Autumn Phillips: Choose your adventure

I was lucky to get a New York Times that late on a Sunday. $5.

With the paper tucked under my arm, I walked next door to Mocha Molly's and filled my cup with coffee. $1.

I dropped the paper onto the counter, and the thud woke you from your daydream.

"Can I sit here?"

"Of course."

You were scanning The Denver Post or appeared to be scanning it. You were distracted, waiting for something. Probably your next cigarette.

"It's good that we're sitting here together. I'm leaving tomorrow," you say.

"Are you coming back?"

"No."

I tell you it's too bad that you're leaving. Steamboat will miss you. There will be a void.

You say that's what they all say.

"Well, I'm going to go now. I have to meet someone," you say.

You are a drummer with a band whose last show is that night, and I promise to come.

"Well, just in case I don't see you tonight ..."

"I'll be there," I say.

And since this is not goodbye, we don't hug or say anything stupid. I just notice that your seat is empty after you leave. I notice it for a long time.

I don't go to your show that night, so I'll never know what happened next.

I'll let you decide.

If you decide to come back at the last minute, turn to page 26.

If you stop at the top of Rabbit Ears for a moment of contemplation, turn to page 42.

If you fly to New York and never look back, turn to page 88.

If your car breaks down and you take the Greyhound, turn to page 89.

Page 26: You load up your belongings into the back of a gray station wagon and start up Rabbit Ears. The cup of coffee resting on the seat next to you spills as you make the first curve.

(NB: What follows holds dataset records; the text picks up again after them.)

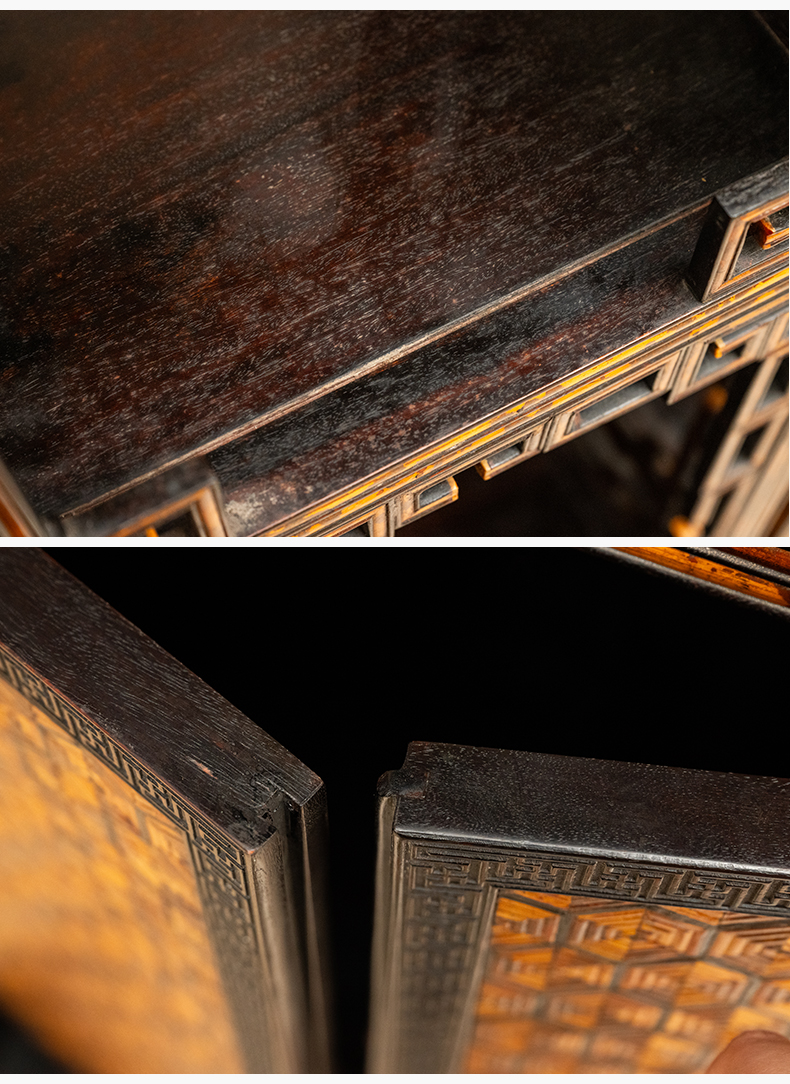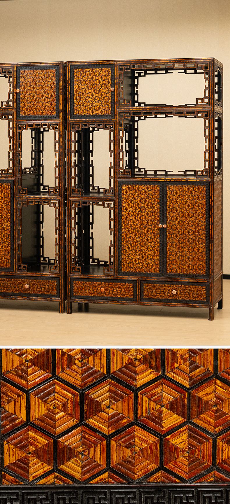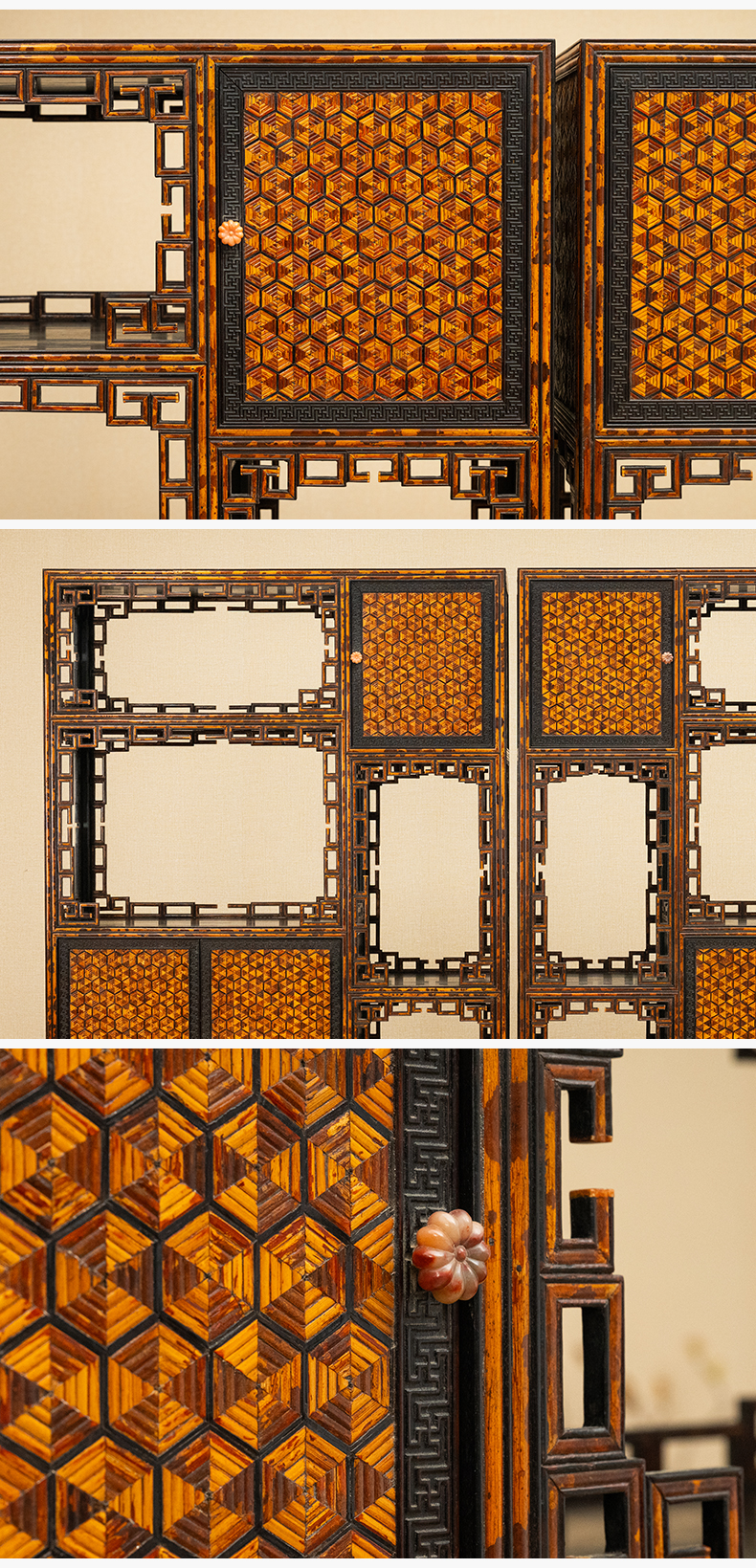 二十世纪 紫檀嵌湘妃竹博古柜(一对)
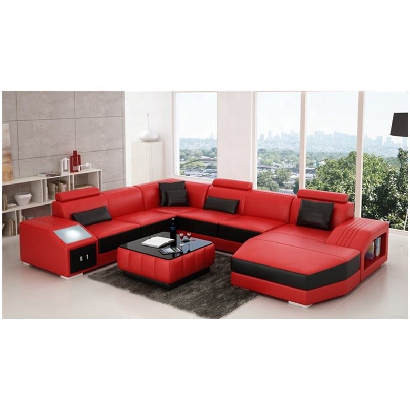 Conjunto de sofás en forma de U para el hogar, Color gris/Rojo/Negro Blanco, personalizado, de cuero genuino, para sala de estar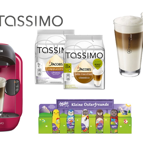 Jetzt limitiertes TASSIMO Oster-Special sichern! Es besteht aus einer TASSIMO Vivy inkl. eines WMF Gläser-Sets sowie jeweils einer Packung T Discs Jacobs Latte Macchiato Caramel, Caffè Crema intenso XL, Milka, Cappuccino mit Choco-Geschmack und café au lait.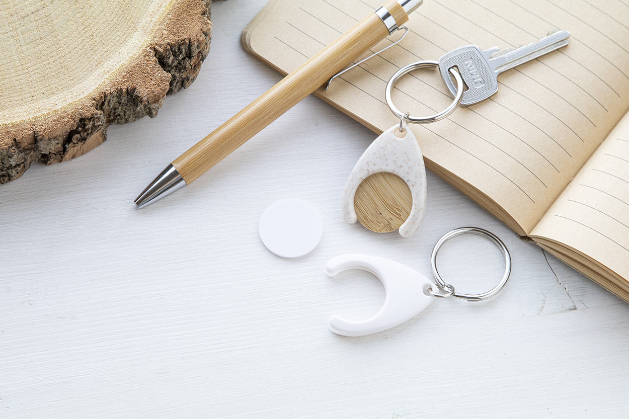 Bambusový žeton do nákupního vozíku v ekologické plastové klíčence z pšeničné slámy.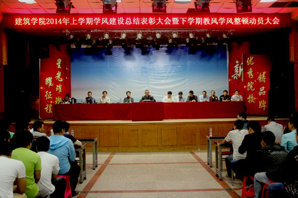 会上,建筑学院副院长张志俊、夏端林,副书记刘国峰先后分别宣读了:《建筑学院教风学风整顿方案》《建筑学院2014年下半年教风学风评比办法》《学生日常行为“十严禁”及行为规范“十要十不准”》《教师日常教学“八要八不准”和“七严禁”》《建筑学院2014年上半年学风建设表彰文件》,并进行了颁奖;优秀学风班集体代表祝永久和学风先进个人、三好学习标兵董方洁两位同学,分别就自己班级“如何开展学风建设活动”和“如何有效带动身边同学和班级集体参与学风建设活动”作了交流发言;建筑学院院长刘晓敏从“为什么要开展教风学风整顿活动”、“taptap点点学风现状”、“如何抓好教风学风”三个方面作了分析动员报告,希望大家要立即行动起来,共同营造勤奋学习、拼搏进取的优良学风;建筑学院党总支书记朱建军为全体与会同学,算了一笔学习账,纠正了一种学生自认为“底子薄”、“学习能力差”、“得过且过”、“自我放纵”不学习的错误认识,帮助大家弄清了“我是谁”、“学习为了谁”、“我来这里干什么”、“干得怎么样”四个问题,并引用今年诺贝尔和平奖获得者马拉拉的事迹告诫全体同学:要珍惜学习机会,为自己、为家人、为社会努力学习。大会在激扬的校歌声中胜利闭幕。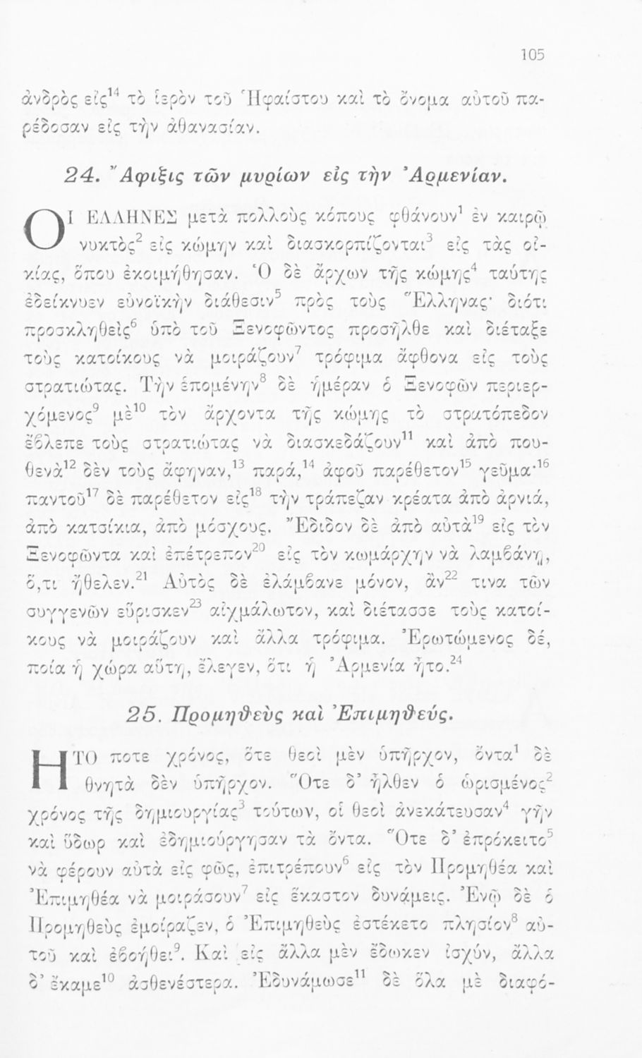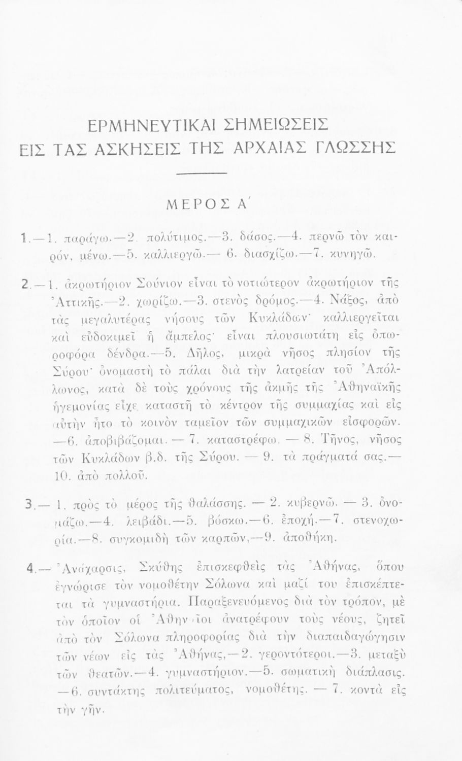 Σχολικό εγχειρίδιο Αρχαίων Ελληνικών για τις Α΄ και Β΄ τάξεις των Εξαταξίων Γυμνασίων που περιλαμβάνει σύντομα κείμενα εμπνευσμένα από την αρχαία ελληνική ιστορία και μυθολογία που χρησιμοποιούνται για τη διδασκαλία γραμματικών και συντακτικών φαινομένων καθώς και ερμηνευτικές σημειώσεις.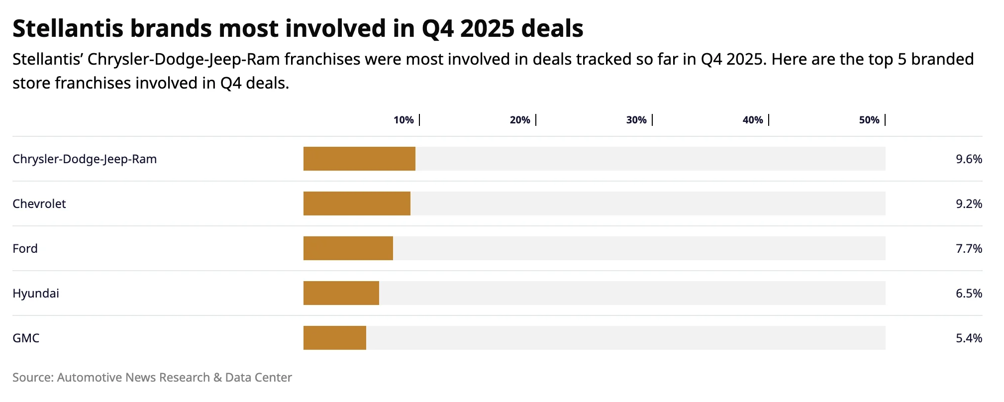 Chrysler, Dodge, Jeep and Ram dealerships were bought and sold the most in the quarter. Automotive News found 25 stores selling these brands traded owners, more than double the number bought and sold in 2024 fourth quarter.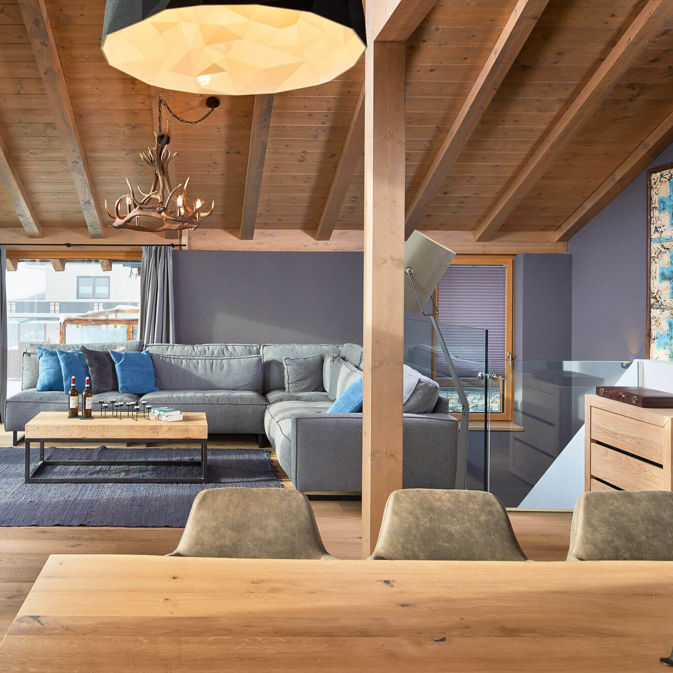Heerlijk huiselijk. Smaakvol ingericht en voorzien van alle denkbare luxe en comfort. Een flinke living, keuken en eetkamer, royale balkons, groot terras, 5 slaapkamers, 3 badkamers, skiraum, privé sauna… wat wilt u nog meer?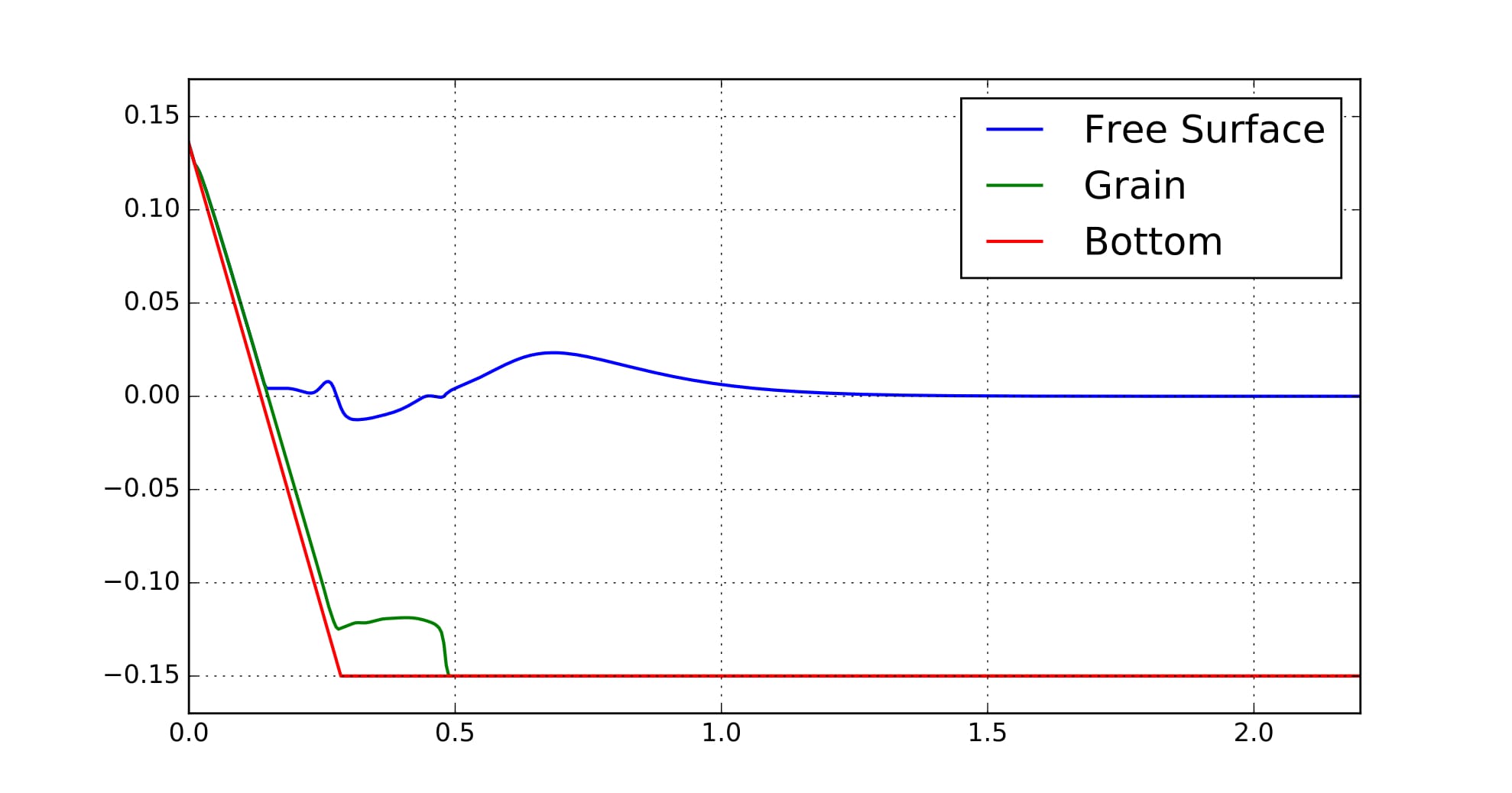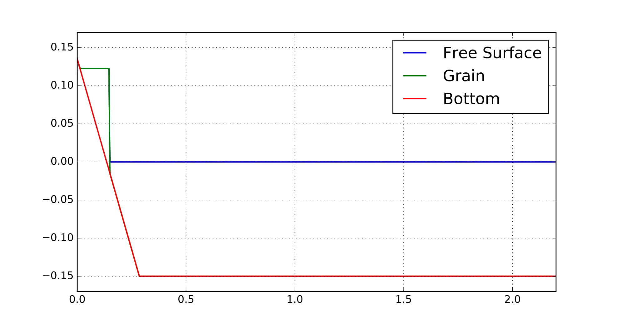 Two-dimensional subaerial granular slide For this benchmark we use the same model configuration as in the former problem: the Multilayer-HySEA (non-hydrostatic) model coupled with a Savage-Hutter model for the granular material (the latter is the same as the one implemented in the Landslide-HySEA model). The resulting model is weakly coupled, and the water feels the moving bottom, but the slide material is not affected by the gradient variations of water surface. The number of layers was set up to 3.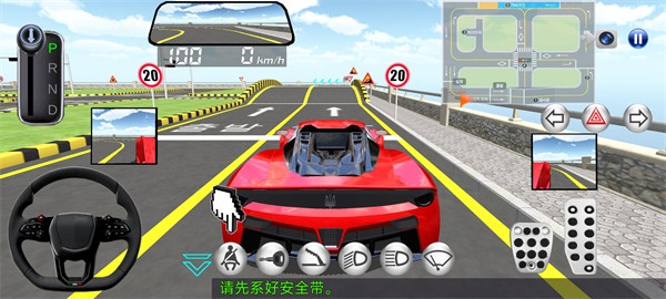 1、进入驾驶场景后,点击左下角的安全带图标系好安全带,然后按提示启动车辆。

An eyebrow lifts, and you decide to turn around. You come back to Steamboat for some paper towels to clean up the mess. You come back for the Azteca burritos and the couch at Bud Werner Memorial Library and that spot by the river.

You don't leave. You stay. Years later, you tell a reporter that you make sacrifices to live here, but that it's worth it.

Page 42: You stop at the top of Rabbit Ears Pass for a moment of contemplation. You light a Pall Mall. You smoke Pall Malls now, just like your grandmother. You think about why you moved to Steamboat in the first place. You wanted to get away from the stress of life. You wanted to move to a place where people didn't care so much how you dressed or what you did for a living. You moved here to heal.

You never meant to stay this long.

Page 88: You get a job at a tiny bakery on the corner of 11th and First in Manhattan. You bake custards and truffles that people come all the way from uptown to buy.

You take smoke breaks with the man from the newsstand next door. You have three anecdotes from your time in Steamboat -- a funny one, a sad one and a poignant one about the day you decided to leave.

After a while, that's all you remember about this place.

Page 89: You step onto the bus at the Stock Bridge Transit Center. It smells like the enclosed sleep of 30 strangers. They have been on the bus together since the dirty green station in Amarillo, Texas.

In your bag, you have a few CDs and a copy of J.D. Salinger's "Franny and Zooey." It changed your life once, but you can't remember why.